At first glance, Columbus, Indiana, about an hour’s drive south of Indianapolis, represents the Midwest that Americans are nostalgic for. College sports headline the news, and soda jerks at Zaharakos pull ice cream floats the way they have since 1900. The diesel engine manufacturer Cummins plies its global trade while nearby farmers plan their next crop. Yet a trove of avant-garde architecture—seven National Historic Landmarks from the mid-20th century and many more buildings that exemplify design since then—suggests that the city, population 45,000, prefers to look forward. When it opens in August, the design initiative Exhibit Columbus—in its second year, comprising 15 installations throughout downtown—will underscore this pairing of heartland and modernism.
The city could use a spotlight. “My parents didn’t pay attention to it,” says project helmsman Richard McCoy, a native Hoosier who grew up in West Lafayette, a two-hour drive from Columbus. Even design aficionados haven’t necessarily seen the architecture firsthand. Dwayne Oyler, of Los Angeles architecture studio Oyler Wu Collaborative, says of his first visit (which Exhibit Columbus sponsored last year): “I’m from a small town in Kansas, and I’ve never been to a place where the commitment to the greater good seems so palpable.” The American Institute of Architects calls Columbus the most architecturally important small city in the U.S., but 20 times more people participated in tours run by the Chicago Architecture Foundation last year than strolled through the Columbus Area Visitors Center.
An ecumenical church launched Columbus’s long affair with contemporary expression. Located a few steps from the city’s commercial core and completed in 1942, First Christian Church notably pairs a crisp sanctuary hall with a 166-foot-tall campanile decorated only in gridded reliefs and a minimalist clock mounted left of center. For First Christian’s congregation, austerity meant nobody would feel alienated by the new building. Its approach had no precedent and secured the place of its designer, Eliel Saarinen (father of architect Eero Saarinen), in history.

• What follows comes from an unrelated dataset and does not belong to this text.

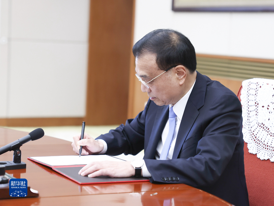 5月20日,國務院總理李克強在北京主持召開國務院第七次全體會議,決定任命李家超為香港特別行政區第六任行政長官,于2022年7月1日就職。這是李克強總理簽署任命李家超為香港特別行政區第六任行政長官的國務院第754號令。新華社記者 丁林 攝

The city later spawned other career-making buildings. In 1957 Harry Weese linked a series of house-like shapes to form Lillian C. Schmitt Elementary School; nine years later, he would follow a similar playbook, abstracting the civic monuments of Washington, D.C., in his designs for the city’s Metro stations. Master of postmodernism Robert Venturi gave early form to that movement with Fire Station 4, alternating red and white bricks to make the building appear more graphic than spatial. It was his fourth project.
Even the most cutting-edge buildings were conceived with an eye to visual cohesion and community benefit. Which is what makes Columbus more astounding than any one architectural feat. “I don’t think Columbus is a laboratory,” says MoMA curator Sean Anderson. “It’s a conversation between buildings.” In 2016 filmmaker Kogonada, who shot his indie feature, Columbus (a darling of this year’s Sundance Film Festival), on location here, equated the city with the “promise and fulfillment” of modernism. Less recently, Lady Bird Johnson dubbed Columbus the “Athens of the prairie.”
And J. Irwin Miller was its Aristotle. He took over Cummins from his greatuncle in 1947 and was the company’s chairman until 1977. For decades after his family donated the land and commissioned the design for First Christian, he championed architectural excellence. Cummins treated every new headquarters facility as an important commission, and through its foundation offered to pay the design fees for public buildings if those clients selected architects from a vetted shortlist. Behold, Athens.
Since Columbus’s postwar boom, construction has been no less unpretentious, transparent, democratic—in a word, modernist. But its pace has slowed. Mayor Jim Lienhoop also notes that many of his constituents have “become accustomed to the buildings,” just as any native New Yorker might shrug at the Guggenheim. And while Cummins is as strong as ever, Miller’s death in 2004 and the shuttering of the family’s bank in 2009 led some locals to wonder, McCoy says, if their responsibility was to preserve an erstwhile golden age.
Exhibit Columbus proposes that supporting radical new architecture best honors the past. Its centerpiece was a competition for five temporary installations built at modernist icons on Fifth Street, from First Christian and the I. M. Pei–designed library facing it to a riverside park near Cummins headquarters. Winners range from young Turks like Oyler Wu, which has conceived an intricate pavilion, to academic favorite Plan B Architecture & Urbanism of New Haven, Connecticut, which will insert an “urban forest” of mirrored columns and conversation spots inside Cummins HQ’s street-front pergola. New York’s Aranda\ Lasch—which recently built a Deco-inspired retail building in Miami housing tenants such as Tom Ford—is depositing limestone on the banks of a lake as a type of usable land art.
“Each project casts the famed architecture in a new light and asks viewers to see themselves in the city differently,” says Anderson, who served on the competition jury. It all could prove that reports of the Rust Belt’s demise are greatly exaggerated. “There’s a can-do spirit here,” Lienhoop says, “and a lot of it has to do with the architecture.”